The research behind the program was conducted by Art Rolnick, senior vice president and director of research at the Minneapolis Federal Reserve, and Rob Grunewald, regional economic analyst at the Minneapolis Fed. Rolnick, who began his research into early-childhood development five years ago when he joined the board of Ready 4 K, points to studies showing that quality early-education programs prepare children for learning, which makes them more likely to perform at grade level and graduate from high school. They’re also less likely to commit a felony or rely on social services—and more likely to get and keep a job with health insurance and other benefits.

Although the aim of the MELF scholarship is to give at-risk kids a better chance to succeed in school, proponents don’t want it looked upon as a feel-good social program. They prefer that it be seen as an economic initiative that aims to create maximum future work force participation.

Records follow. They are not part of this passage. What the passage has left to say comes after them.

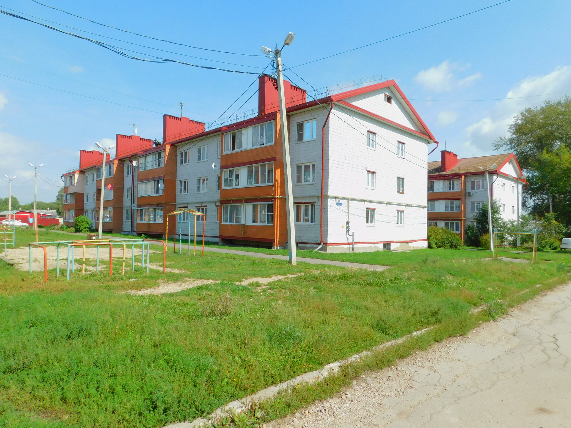 Двор с местами для парковки, новыми асфальтированными дорожками и детской площадкой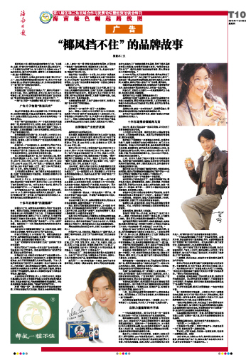 当时解读椰风的这则广告,不少业界人士分析认为公司的着力点在于“主打明星牌”。16年的历史沉淀之后,我们发现,流传在人们口中的则是“广告拍出的海南椰风海韵让人沉醉”。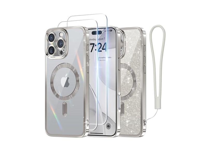 Meifigno Capa projetada para iPhone 16 Pro de 6,3 polegadas, [compatível com MagSafe] [2x protetores de tela] [cartão de glitter e alça de pulso] Proteção de lente surround projetada para iPhone 16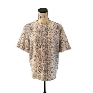 No size tag 21” armpit to armpit 24” long 100% polyester Color: tan, white, brown Made in USA

“The bottom line,” says MELF Executive Director Duane Benson, a former legislator and a past executive director of the Minnesota Business Partnership, “is that we more than likely don’t have the luxury to have many throwaways any more.”

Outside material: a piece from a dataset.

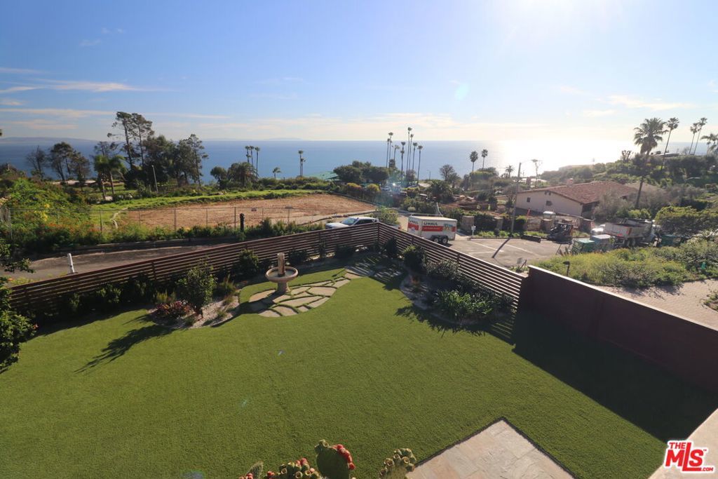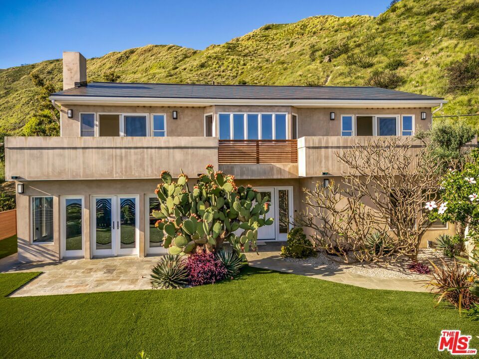 Ultimate Sustainable Malibu Luxury, Remodeled, Sweeping Ocean View Estate with a Tesla Solar Roof. Experience the pinnacle of coastal luxury in this beautifully remodeled 2-story masterpiece located just 3 miles from Sunset and PCH and minutes from Santa Monica in Malibu's highly coveted Big Rock neighborhood. Perched above the Pacific with panoramic, sweeping views of the ocean, city lights, and Catalina, this 4-bedroom, 3.5-bath home with an office, offers unparalleled privacy and ocean views from the entire front of the house. Sustainable living meets sophisticated design, highlighted by a $200,000, 13.4 KW Tesla Solar Glass Roof, two Tesla Powerwalls, and a dedicated EV charging station. Inside, impeccable craftsmanship abounds with rich wood floors, a dramatic, ocean view, mission-style living room, a cozy library, formal dining room and a large eat-in granite kitchen. Entertain in style with a picture-perfect media room and a large bonus room. The upper level features a large master suite with a private balcony, luxurious custom bath, walk-in closet with built-ins, a large office with built-ins --- all designed to maximize the breathtaking sunrise to sunset ocean views. The exterior is a botanical masterpiece, featuring specimen-rich manicured gardens, private and fully fenced front and back yards, stone patios, ocean view blue-tiled spa, beautiful waterfall and a built-in BBQ. Additional features include ocean views from the entire front of the house, smooth coat exterior finish, custom doors/windows, a large carport with enclosed storage, an outdoor shower and so much more . Why wait for years of permitting and construction? This turnkey knockout is ready for its next chapter.

Unready for School—and Work

According to Minnesota Department of Employment and Economic Development statistics, transportation, education, real estate, truck transportation, and mining industries will be hit especially hard by the work force shortage, since they have the some of the highest percentage of employees 55 and over. In October, Governor Tim Pawlenty told state agencies to conduct planning studies in anticipation of future work force shortages. The number of state-government workers retiring annually has increased 32 percent over the last five years; during the next 10 years, 39 percent of state employees will turn 61, the average retirement age for state workers.

But who will replace those retirees?

This issue isn’t just a local concern. A recent report from the San Jose, California– based National Center for Public Policy and Higher Education says that the nation will see a drop in the average level of education and per capita income over the next two decades, “unless states do a better job of raising the education level of all racial/ethnic groups.” The number of minority workers—many of them immigrants—is projected to double from 18 to 37 percent from 1980 to 2020. In Minnesota, the nonwhite and Hispanic population is expected to make up 18 percent of the working population in 2030, compared to 10 percent now. Immigrants are predicted to account for a one-third increase in workers over the next 30 years.

Going back to the high school graduation rate: According to the Minnesota Department of Education, only 67 percent of kids for whom English is a second language graduated from high school in 2004, compared to 93 percent of native-born caucasians. (Data for 2005 are still being tabulated.) That same year, just 64 percent of black students and 55 percent of Hispanic students graduated. In fact, Minnesota has one of the lowest graduation rates for Hispanic high-school kids in the country.

Benson believes that the labor shortage is already here—and that it will get worse as an increasing number of kids have trouble simply learning how to learn. “More and more [employers] are looking for people who can just learn, and they will do the training,” Benson says. “But they have to have that better fundamental raw product—for want of better words—come in the door.”